式(21)におけるZ乃至Zのアルキル基の具体例としては、メチル、エチル、n−プロピル、イソプロピル、n−ブチル、イソブチル、sec−ブチル、t−ブチル等が挙げられる。ヒドロキシアルキル基の具体例としては、ヒドロキシメチル、ヒドロキシエチル、3−ヒドロキシプロピル、2−ヒドロキシプロピル、4−ヒドロキシブチル、3−ヒドロキシブチル、2−ヒドロキシブチル等のヒドロキシC1−C4アルキル基が挙げられる。ヒドロキシアルコキシアルキル基の例としては、ヒドロキシエトキシメチル、2−ヒドロキシエトキシエチル、3−ヒドロキシエトキシプロピル、2−ヒドロキシエトキシプロピル、4−ヒドロキシエトキシブチル、3−ヒドロキシエトキシブチル、2−ヒドロキシエトキシブチル等のヒドロキシC1−C4アルコキシC1−C4アルキル基(好ましくはヒドロキシエトキシC1−C4アルキル基)が挙げられる。上記のうち、好ましい具体例としては、水素原子;メチル、ヒドロキシメチル、ヒドロキシエチル、3−ヒドロキシプロピル、2−ヒドロキシプロピル、4−ヒドロキシブチル、3−ヒドロキシブチル、2−ヒドロキシブチル、ヒドロキシエトキシメチル、2−ヒドロキシエトキシエチル、3−ヒドロキシエトキシプロピル、2−ヒドロキシエトキシプロピル、4−ヒドロキシエトキシブチル、3−ヒドロキシエトキシブチル、2−ヒドロキシエトキシブチル等が挙げられる。

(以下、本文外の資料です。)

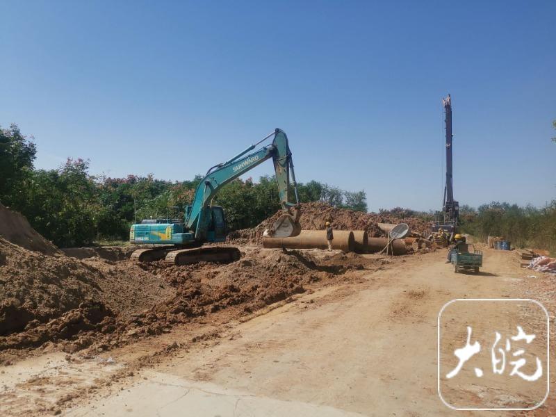 大皖新闻记者随后来到马路对面的一处工地,发现144号桥墩已经从基坑里“冒出”,很快就能进行地面以上段施工了。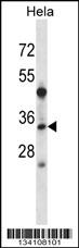 LAT2 Antibody (Center) (Cat. APR17173G) western blot analysis in Hela cell line lysates (35ug/lane).This demonstrates the LAT2 antibody detected the LAT2 protein (arrow). |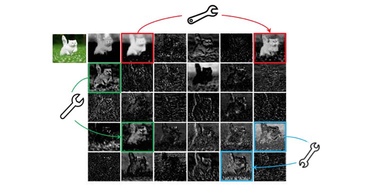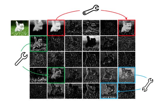 ShuffleNet主要思路是使用Group convolution和Channel shuffle改进ResNet,可以看作是ResNet的压缩版本,进一步提升了轻量模型的性能。在一个训练良好的深度神经网络特征图中,通常会包含丰富甚至冗余的信息,以保证对输入数据有全面的理解。如下图所示,在ResNet-50中,将经过第一个残差块处理后的特征图拿出来,其中三个相似的特征图使用相同颜色的框圈出。其中一个特征图可以通过对另一个特征图进行简单的变换(用扳手表示)来近似得到。这些相似的特征映射对,就类似彼此的虚像,作者用Ghost表示,十分形象。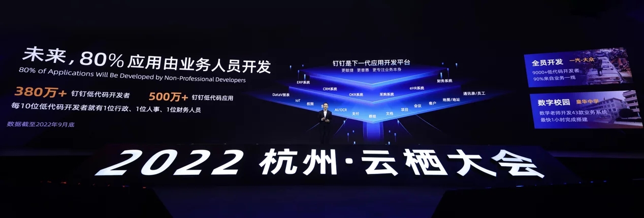 11月3日,阿里云智能總裁張建鋒在2022云棲大會(huì)發(fā)布,釘釘上的低代碼使用數(shù)打破500萬(wàn),低代碼開(kāi)發(fā)者超過(guò)380萬(wàn)。張建鋒表示,未來(lái)80%的使用會(huì)由事務(wù)人員通過(guò)低代碼開(kāi)發(fā)。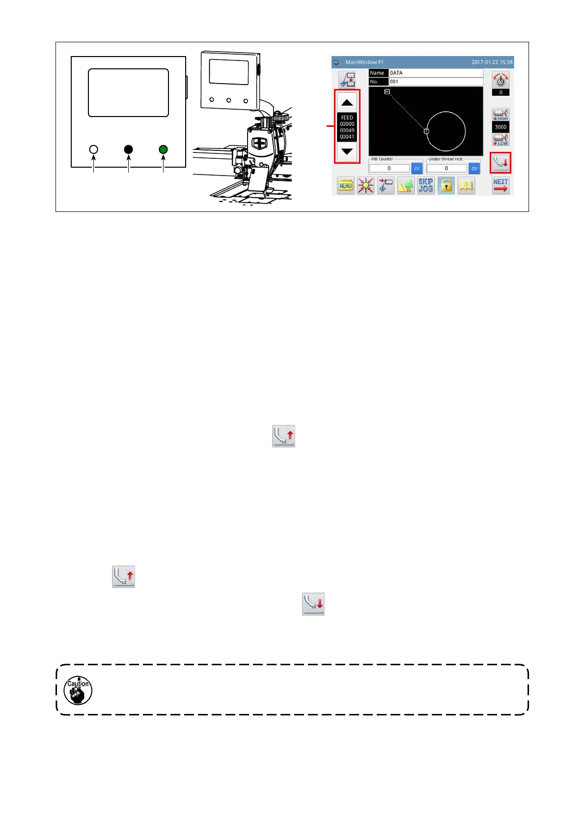 head. Be aware touching the start button is very dangerous since the sewing machine starts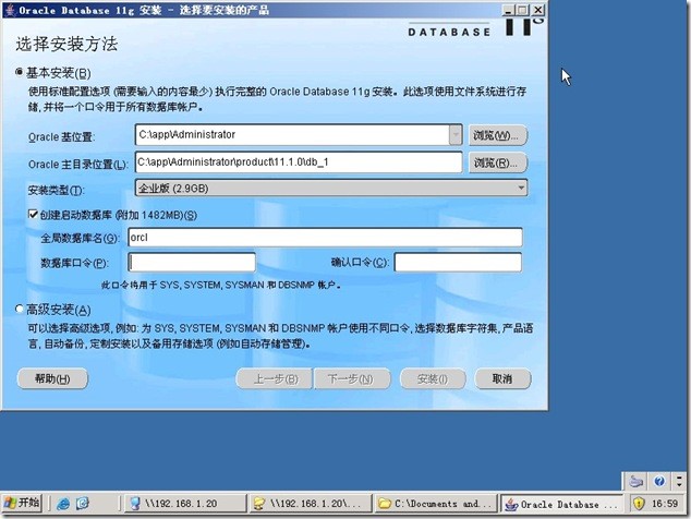 基本安装(I):使用标准配置选项(需要输入的内容最少)执行完整的11g安装。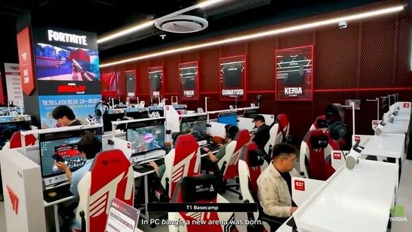 게임 '스타크래프트'라는 하나의 불꽃이 피어났다면서 "피시방이라는 새로운 경기장이 탄생했고, 엔비디아 지포스는 새로운 플레이어들의 장비가 됐다"며 한국과 인연을 조명했다.

上記式(21)として好ましい化合物のZ、Z、Z、Zの組み合わせの具体例を下記表23に示す。
Figure 0005624051
式(1)で表される本発明のアゾ化合物の所望の塩を合成する方法としては、式(1)で表される化合物の合成反応における最終工程の終了後、所望の無機塩又は有機の4級アンモニウム塩を反応液に加えて塩析する方法;該反応液に塩酸等の鉱酸を加えて反応液から該アゾ化合物を遊離酸の形で単離した後、得られた遊離酸を、必要に応じて水、酸性の水、水性有機媒体等で洗浄して、付着した無機塩等の不純物を除去し、再度、水性の媒体中(好ましくは水中)で、該遊離酸に所望の無機塩基又は上記の4級アンモニウム塩に対応する有機塩基を加えて塩形成する方法;等が挙げられる。このような方法により、目的とするアゾ化合物の塩を、溶液又は析出固体の状態として得ることができる。ここで、酸性の水とは、例えば、硫酸、塩酸等の鉱酸や酢酸等の有機酸を水に溶解し、酸性にしたものをいう。また、水性有機媒体とは、いずれも水と混和可能な、有機物質及び/又は有機溶剤等と、水との混和物をいう。
この水と混和可能な有機物質や有機溶剤としては、後述する水溶性有機溶剤等が挙げられる。
式(1)で表される本発明のアゾ化合物を所望の塩とする際に用いる無機塩の例としては、塩化リチウム、塩化ナトリウム、塩化カリウム等のアルカリ金属のハロゲン塩;炭酸リチウム、炭酸ナトリウム、炭酸カリウム等のアルカリ金属の炭酸塩;水酸化リチウム、水酸化ナトリウム、水酸化カリウム等のアルカリ金属の水酸化物;塩化アンモニウム、臭化アンモニウム等のアンモニウムイオンのハロゲン塩;水酸化アンモニウム(アンモニア水)等のアンモニウムイオンの水酸化物;等が挙げられる。
また、有機陽イオンの塩の例としては、ジエタノールアミン塩酸塩、トリエタノールアミン塩酸塩等の、上記式(21)で表される4級アンモニウムイオンのハロゲン塩等が挙げられる。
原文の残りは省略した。